> [Task instructions] Give the data below again exactly as it stands. Omit the pictures.
[[ Recorded information, beginning ]]
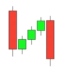 Falling Three Methods - протилежний патерн, що вказує на продовження ведмежого тренда.
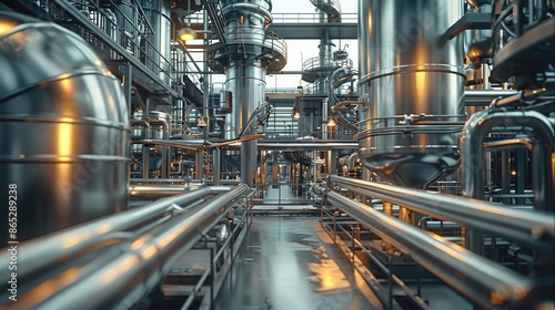 Chemical production factory, realistic, industrial, silver, grey. Generative AI.
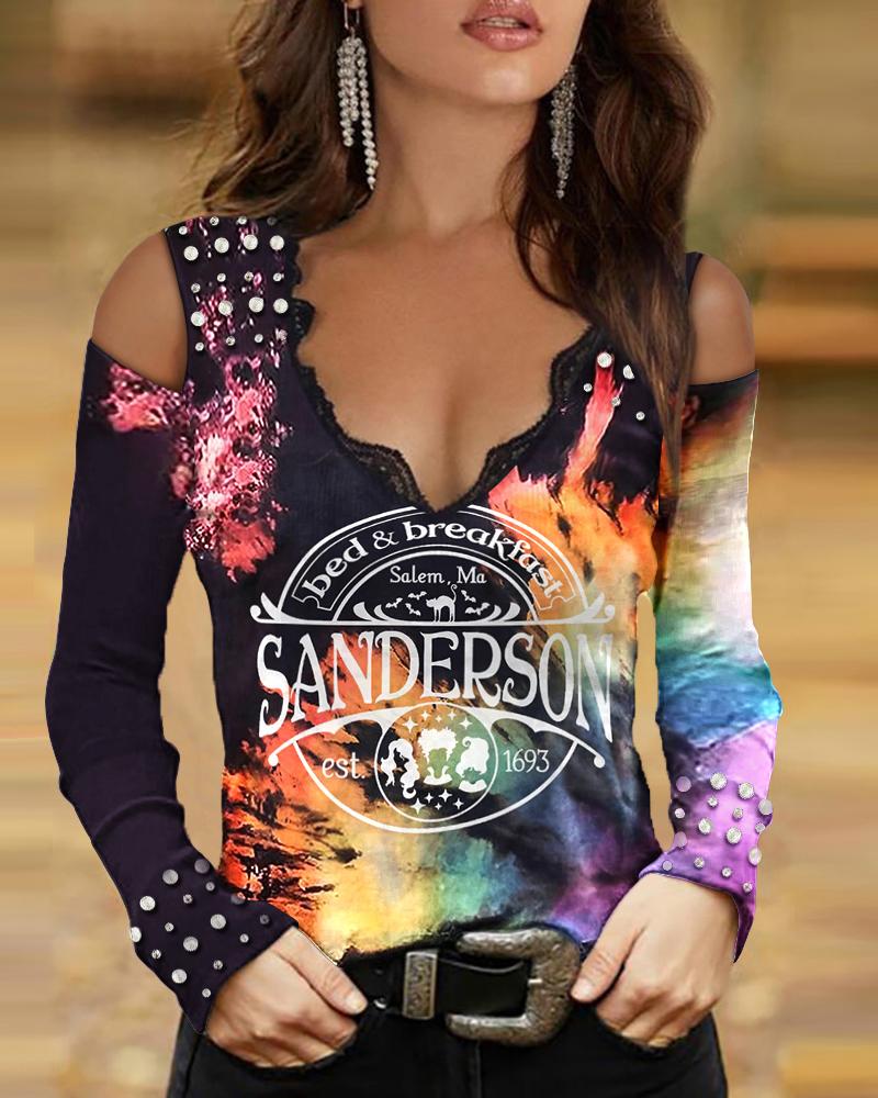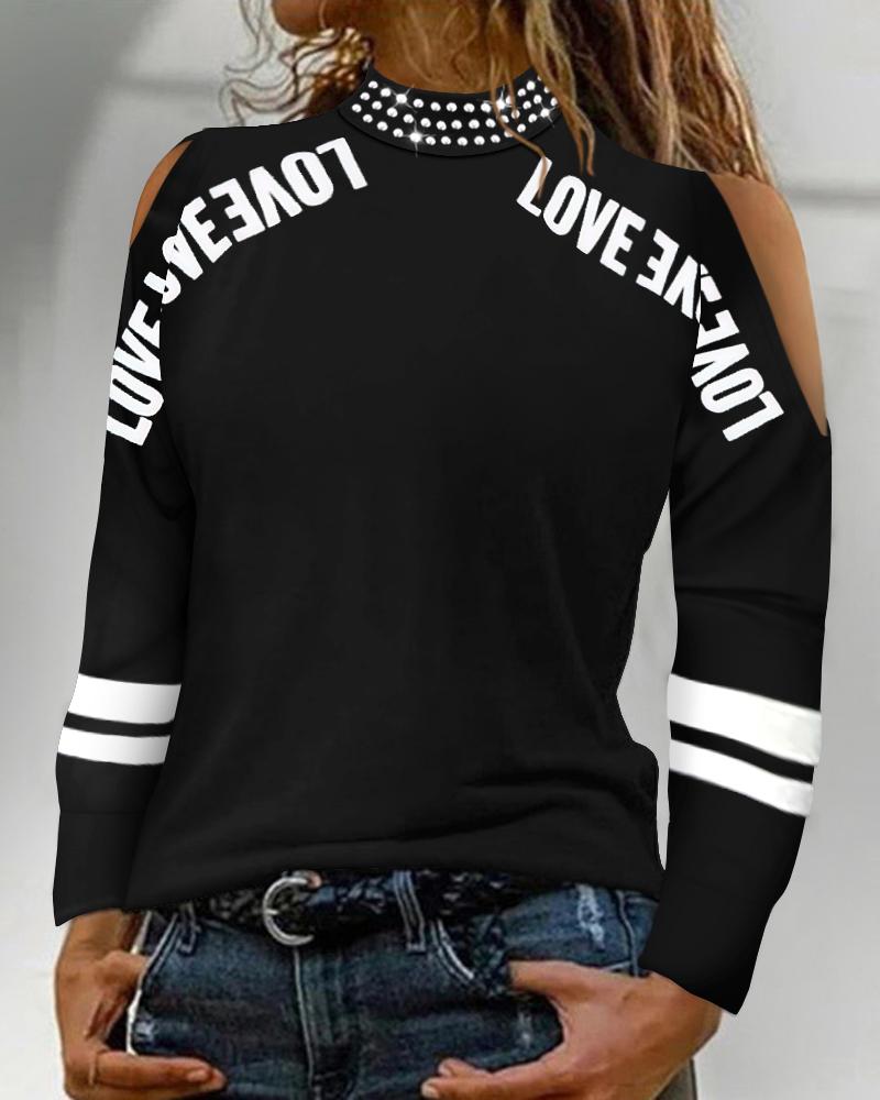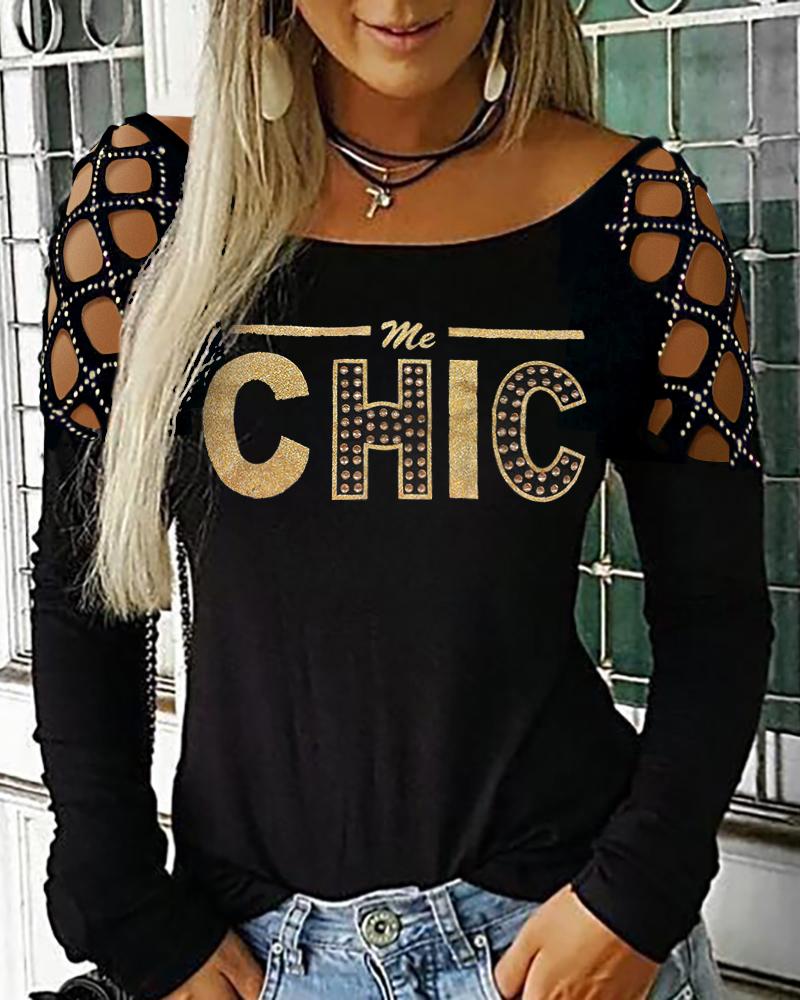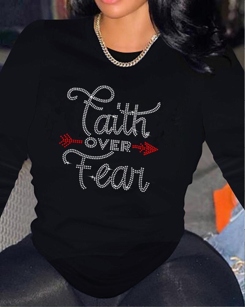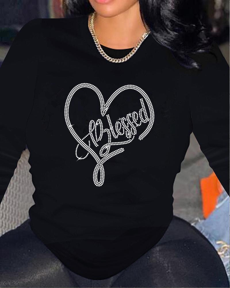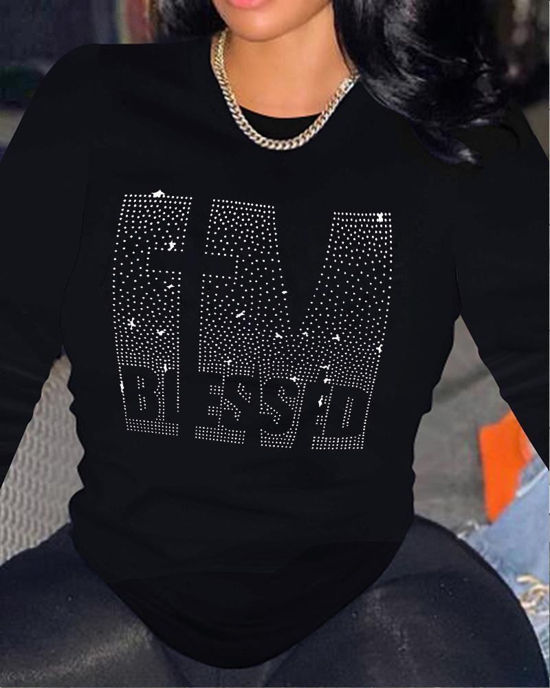 Rhinestone Letter Pattern Long Sleeve Casual Top |
[[ Recorded information, end ]]
> [Output of the exercise]
 Falling Three Methods - протилежний патерн, що вказує на продовження ведмежого тренда.
 Chemical production factory, realistic, industrial, silver, grey. Generative AI.
 Rhinestone Letter Pattern Long Sleeve Casual Top |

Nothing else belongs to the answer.